* [Exercise aim]: Reproduce the listing below as it stands. Leave out each image.

* [Dataset extract]:
++++++++++

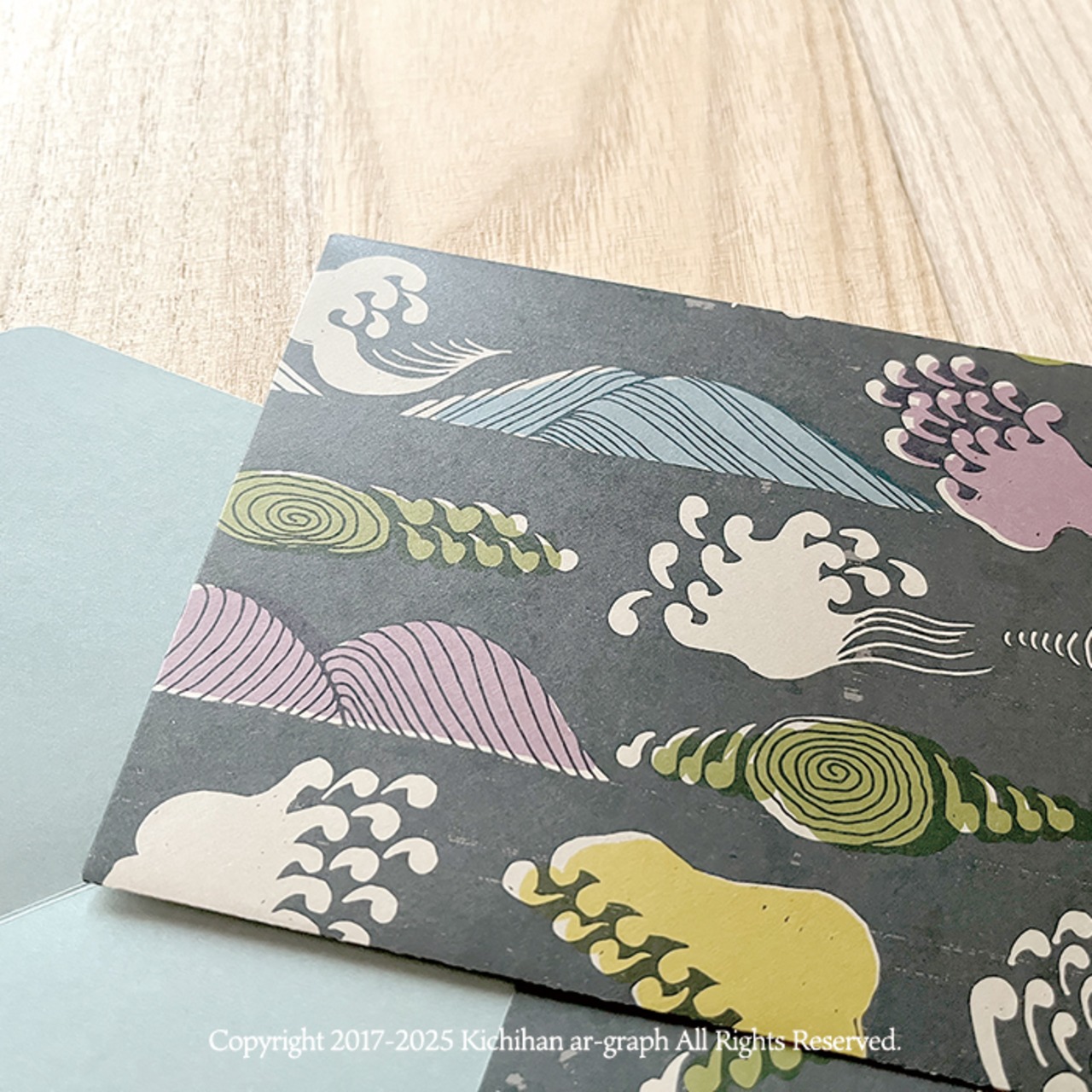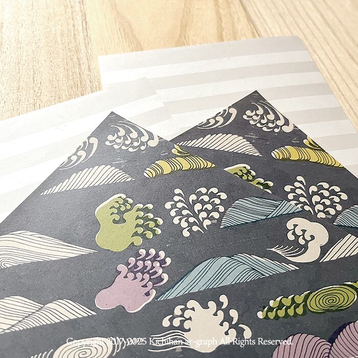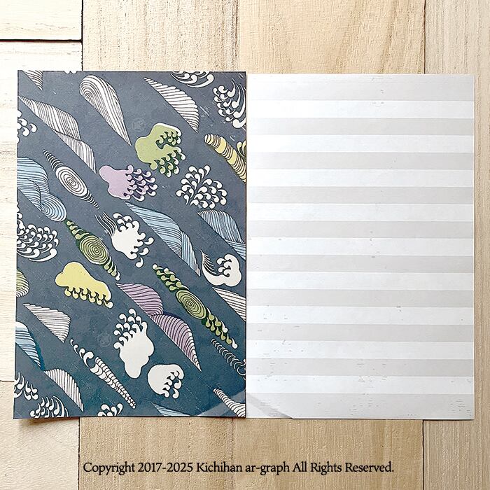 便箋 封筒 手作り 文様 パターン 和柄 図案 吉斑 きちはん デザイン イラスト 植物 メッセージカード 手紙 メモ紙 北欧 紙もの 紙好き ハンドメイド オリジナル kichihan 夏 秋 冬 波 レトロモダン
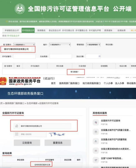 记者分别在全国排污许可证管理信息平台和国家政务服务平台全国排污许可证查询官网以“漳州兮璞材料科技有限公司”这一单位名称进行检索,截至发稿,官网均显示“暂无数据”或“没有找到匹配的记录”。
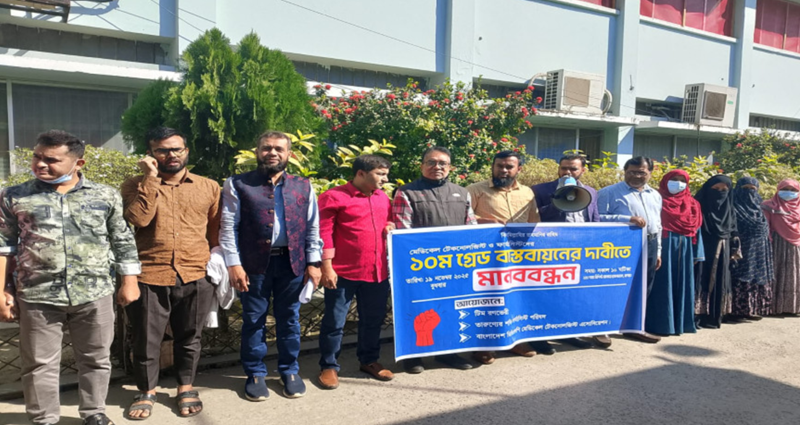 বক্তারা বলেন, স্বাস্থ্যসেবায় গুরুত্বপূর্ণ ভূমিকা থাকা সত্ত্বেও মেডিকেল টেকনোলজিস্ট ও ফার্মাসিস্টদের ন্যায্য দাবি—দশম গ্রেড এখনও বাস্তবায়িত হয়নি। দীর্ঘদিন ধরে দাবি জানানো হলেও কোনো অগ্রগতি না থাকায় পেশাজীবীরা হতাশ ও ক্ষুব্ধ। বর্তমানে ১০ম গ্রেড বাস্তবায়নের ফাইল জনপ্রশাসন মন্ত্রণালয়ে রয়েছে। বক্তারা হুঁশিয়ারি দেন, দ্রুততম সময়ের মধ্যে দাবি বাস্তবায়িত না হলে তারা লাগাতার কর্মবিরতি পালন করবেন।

++++++++++

* [Problem solution]:
 便箋 封筒 手作り 文様 パターン 和柄 図案 吉斑 きちはん デザイン イラスト 植物 メッセージカード 手紙 メモ紙 北欧 紙もの 紙好き ハンドメイド オリジナル kichihan 夏 秋 冬 波 レトロモダン
 记者分别在全国排污许可证管理信息平台和国家政务服务平台全国排污许可证查询官网以“漳州兮璞材料科技有限公司”这一单位名称进行检索,截至发稿,官网均显示“暂无数据”或“没有找到匹配的记录”。
 বক্তারা বলেন, স্বাস্থ্যসেবায় গুরুত্বপূর্ণ ভূমিকা থাকা সত্ত্বেও মেডিকেল টেকনোলজিস্ট ও ফার্মাসিস্টদের ন্যায্য দাবি—দশম গ্রেড এখনও বাস্তবায়িত হয়নি। দীর্ঘদিন ধরে দাবি জানানো হলেও কোনো অগ্রগতি না থাকায় পেশাজীবীরা হতাশ ও ক্ষুব্ধ। বর্তমানে ১০ম গ্রেড বাস্তবায়নের ফাইল জনপ্রশাসন মন্ত্রণালয়ে রয়েছে। বক্তারা হুঁশিয়ারি দেন, দ্রুততম সময়ের মধ্যে দাবি বাস্তবায়িত না হলে তারা লাগাতার কর্মবিরতি পালন করবেন।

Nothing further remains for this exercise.